The European Commission has proposed to defer by one year the implementation of its controversial EU Deforestation Regulation (EUDR), which was strongly opposed by many countries including India, the US, Brazil and Indonesia.

It has assured that following its methodology of categorisation of suppliers, most exporting countries of identified agro-based products would be marked as low-risk, and will be subject to less scrutiny, and support would also be provided to smallholders, per an official statement issued on Wednesday.

“Given feedback received from international partners about their state of preparations, the Commission also proposes to give concerned parties additional time to prepare. If approved by the European Parliament and the Council, it would make the law applicable on December 30, 2025 for large companies and June 30, 2026 for micro- and small enterprises,” the EC said in its statement.

India, however, will continue to discuss with the EU the difficulty that the small farmers and landholders would face in meeting the costly and burdensome EUDR procedures of maintaining land records and establishing traceability without financial and technical assistance, a source tracking the matter told businessline.

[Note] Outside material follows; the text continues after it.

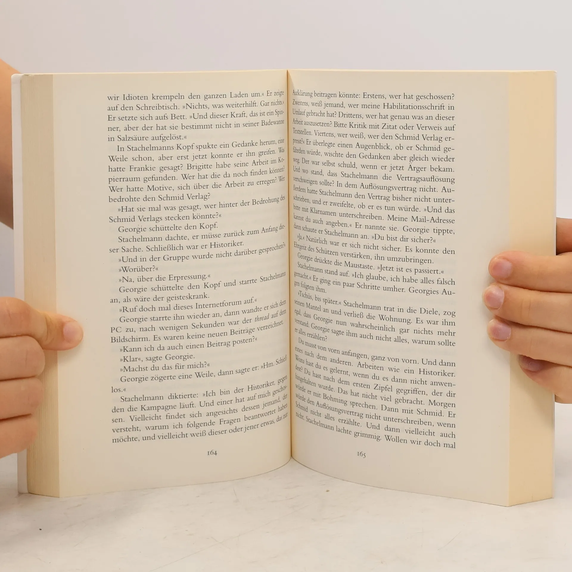 Josef Maria Stachelmann hat seine Habilitation erfolgreich abgeschlossen und wartet auf eine Lehrstuhlberufung, während seine Beziehung zu Anne harmonisch verläuft. Doch plötzlich wird er an der Hamburger Universität mit Schüssen konfrontiert, die ihn zwar verfehlen, aber auf einen gezielten Anschlag hindeuten. Die Polizei entdeckt, dass ein Militärgewehr verwendet wurde, kann jedoch keine weiteren Spuren finden. Gleichzeitig wird Stachelmann Opfer einer Rufmordkampagne im Internet, die ihn in ein Labyrinth der Angst stürzt. Er erkennt, dass seine Forschung über das KZ Buchenwald im Mittelpunkt steht und jemand bereit ist, dafür zu töten. Eine Studentin wird ermordet, möglicherweise weil sie dem geheimnisvollen Schützen auf die Spur gekommen ist. Entschlossen, den Täter zu finden, deckt Stachelmann eine Lebenslüge auf. Erst als er sich auf seine Fachkenntnisse stützt, wird ihm klar, dass die Lösung des Verbrechens in Buchenwald liegt, dessen Geschichte noch nicht abgeschlossen ist. In diesem spannenden Kriminalroman wandeln sich Gewissheiten in Fragen, Verdächtige werden zu Helfern, und Freunde entpuppen sich als Feinde. Als Stachelmann schließlich seinen vierten Fall löst, trifft er eine folgenschwere Entscheidung.

The EUDR, which requires exporters of palm oil, cattle, soy, cocoa, coffee, rubber, and timber and a range of derived items to the bloc to prove that the items did not originate from recently deforested land (post December 31, 2020), forest degradation, or breaches local environmental and social laws, could hurt Indian exports of an estimated $1.3 billion annually once implemented, according to industry estimates.

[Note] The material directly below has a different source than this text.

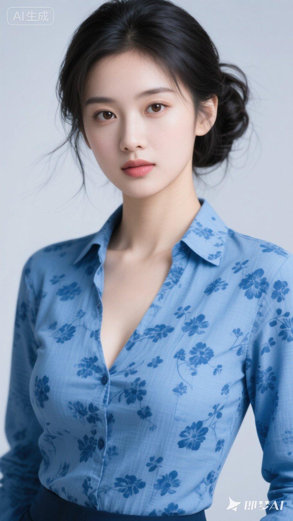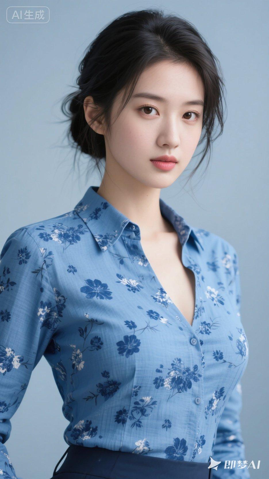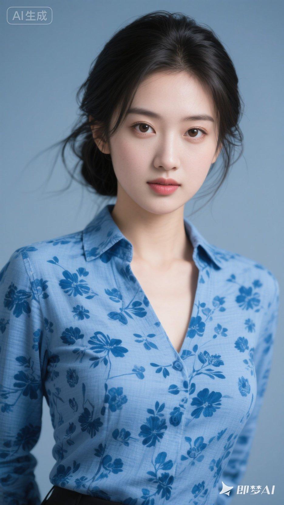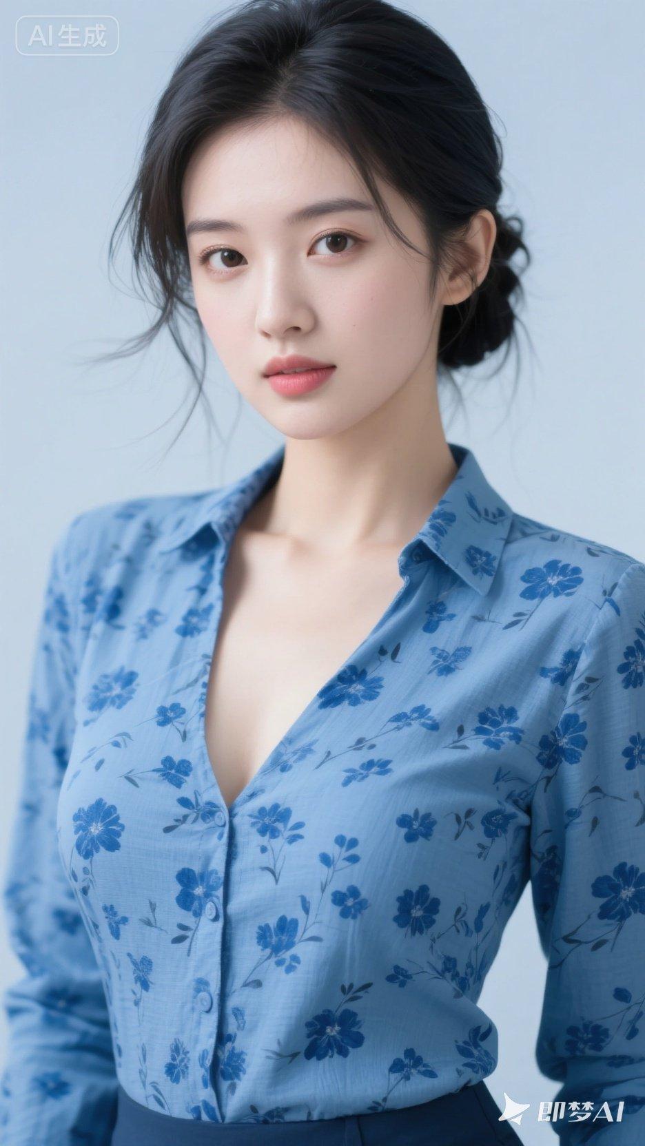 清新蓝花衬衫,优雅气质满满!🌸💙

Last week, the EU had said at the WTO that it wanted to roll out the EUDR by the year-end as planned but this was opposed by a number of members including India, the US, Indonesia, and Brazil. Many other countries such as New Zealand, Australia, Brazil, Indonesia, Paraguay, Ecuador, Guatemala and Thailand, had earlier criticised the regulation and sought more time.

“The EUDR compliance rules are complicated. EU should use this extra time to simplify the regulations instead of turning them into a way to protect local companies or generate revenue,” according to Ajay Srivastava, Founder, Global Trade and Research Initiative (GTRI).

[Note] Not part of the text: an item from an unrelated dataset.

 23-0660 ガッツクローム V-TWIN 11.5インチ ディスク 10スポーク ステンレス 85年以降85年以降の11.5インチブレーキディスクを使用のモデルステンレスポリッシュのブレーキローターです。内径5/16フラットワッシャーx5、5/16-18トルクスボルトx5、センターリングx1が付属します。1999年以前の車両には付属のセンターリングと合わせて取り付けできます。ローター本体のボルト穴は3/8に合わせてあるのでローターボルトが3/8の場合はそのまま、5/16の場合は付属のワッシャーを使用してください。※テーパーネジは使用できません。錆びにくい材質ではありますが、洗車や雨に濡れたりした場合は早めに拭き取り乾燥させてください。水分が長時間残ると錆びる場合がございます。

Products such as coffee ($435.4 million), leather hides and skins ($83.5 million), oil cake ($174.5 million), paper and paperboard ($250.2 million), and wood furniture ($334.6 million) are directly impacted by the regulation, according to GTRI’s estimates.

India had raised concerns on how low income farmers would be protected against the high compliance cost of the regulation and the proposed benchmarking of countries by the EU into high risk, standard and low risk countries.

The EC assured that following the methodology it has come up with, a large majority of countries worldwide will be classified as ‘low risk’. “This will give the opportunity to focus collective efforts where deforestation challenges are more acute,” it said.

It further stated that it had identified five priority areas of action such as support to smallholders, eight key principles such as a human rights-centred approach, and several implementation tools including dialogue and financing.